BEGIN GIVEN INFORMATION

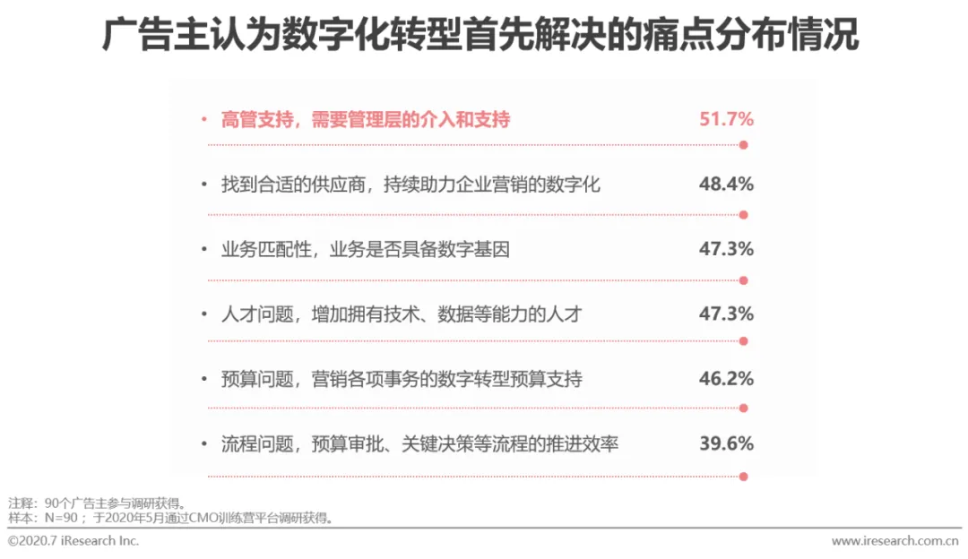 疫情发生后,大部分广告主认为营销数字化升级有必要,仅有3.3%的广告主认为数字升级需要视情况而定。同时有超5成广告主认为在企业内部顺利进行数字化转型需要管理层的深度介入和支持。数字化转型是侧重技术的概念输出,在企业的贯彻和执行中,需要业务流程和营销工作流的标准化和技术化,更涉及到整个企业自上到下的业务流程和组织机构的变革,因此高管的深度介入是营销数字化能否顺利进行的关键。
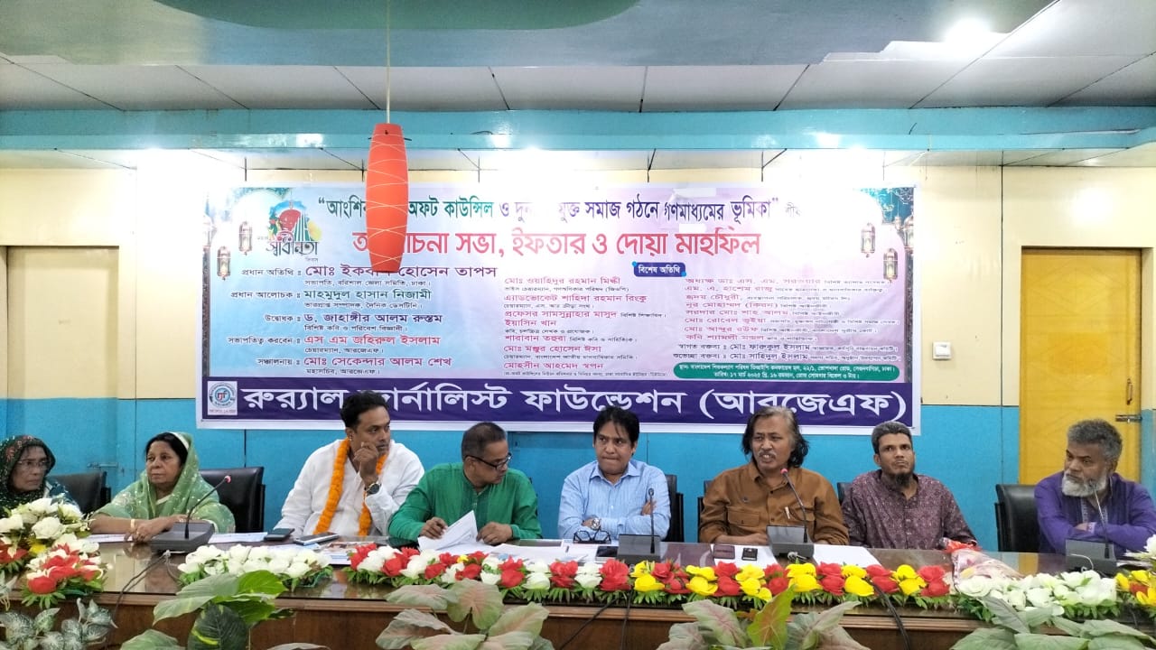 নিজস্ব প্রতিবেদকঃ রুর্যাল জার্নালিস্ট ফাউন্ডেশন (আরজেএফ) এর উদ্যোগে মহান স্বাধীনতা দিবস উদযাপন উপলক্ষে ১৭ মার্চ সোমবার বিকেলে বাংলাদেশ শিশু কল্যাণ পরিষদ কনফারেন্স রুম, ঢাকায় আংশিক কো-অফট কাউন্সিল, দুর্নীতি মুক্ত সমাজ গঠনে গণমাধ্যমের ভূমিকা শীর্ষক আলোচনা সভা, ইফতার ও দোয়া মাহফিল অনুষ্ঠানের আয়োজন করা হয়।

END GIVEN INFORMATION
BEGIN GIVEN INFORMATION

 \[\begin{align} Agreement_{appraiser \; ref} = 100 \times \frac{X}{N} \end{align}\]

END GIVEN INFORMATION
BEGIN GIVEN INFORMATION

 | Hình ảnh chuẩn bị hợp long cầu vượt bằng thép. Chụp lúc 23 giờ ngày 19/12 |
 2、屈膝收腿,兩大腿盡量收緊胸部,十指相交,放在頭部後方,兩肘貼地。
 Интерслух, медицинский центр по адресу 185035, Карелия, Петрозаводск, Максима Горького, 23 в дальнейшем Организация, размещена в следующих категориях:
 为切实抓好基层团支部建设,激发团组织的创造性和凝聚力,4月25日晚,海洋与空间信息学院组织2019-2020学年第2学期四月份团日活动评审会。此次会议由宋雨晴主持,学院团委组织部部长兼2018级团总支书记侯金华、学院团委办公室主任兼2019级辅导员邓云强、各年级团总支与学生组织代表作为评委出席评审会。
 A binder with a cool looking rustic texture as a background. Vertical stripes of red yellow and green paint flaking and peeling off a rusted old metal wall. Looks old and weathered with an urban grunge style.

END GIVEN INFORMATION

WHAT THE EXERCISE ASKS:
From the material above, give again exactly the lines from the one that contains "疫情发生后,大部分广告主认为" through the one that contains "নিজস্ব প্রতিবেদকঃ রুর্যাল", and leave out the pictures.

SOLVED EXERCISE:
 疫情发生后,大部分广告主认为营销数字化升级有必要,仅有3.3%的广告主认为数字升级需要视情况而定。同时有超5成广告主认为在企业内部顺利进行数字化转型需要管理层的深度介入和支持。数字化转型是侧重技术的概念输出,在企业的贯彻和执行中,需要业务流程和营销工作流的标准化和技术化,更涉及到整个企业自上到下的业务流程和组织机构的变革,因此高管的深度介入是营销数字化能否顺利进行的关键。
 নিজস্ব প্রতিবেদকঃ রুর্যাল জার্নালিস্ট ফাউন্ডেশন (আরজেএফ) এর উদ্যোগে মহান স্বাধীনতা দিবস উদযাপন উপলক্ষে ১৭ মার্চ সোমবার বিকেলে বাংলাদেশ শিশু কল্যাণ পরিষদ কনফারেন্স রুম, ঢাকায় আংশিক কো-অফট কাউন্সিল, দুর্নীতি মুক্ত সমাজ গঠনে গণমাধ্যমের ভূমিকা শীর্ষক আলোচনা সভা, ইফতার ও দোয়া মাহফিল অনুষ্ঠানের আয়োজন করা হয়।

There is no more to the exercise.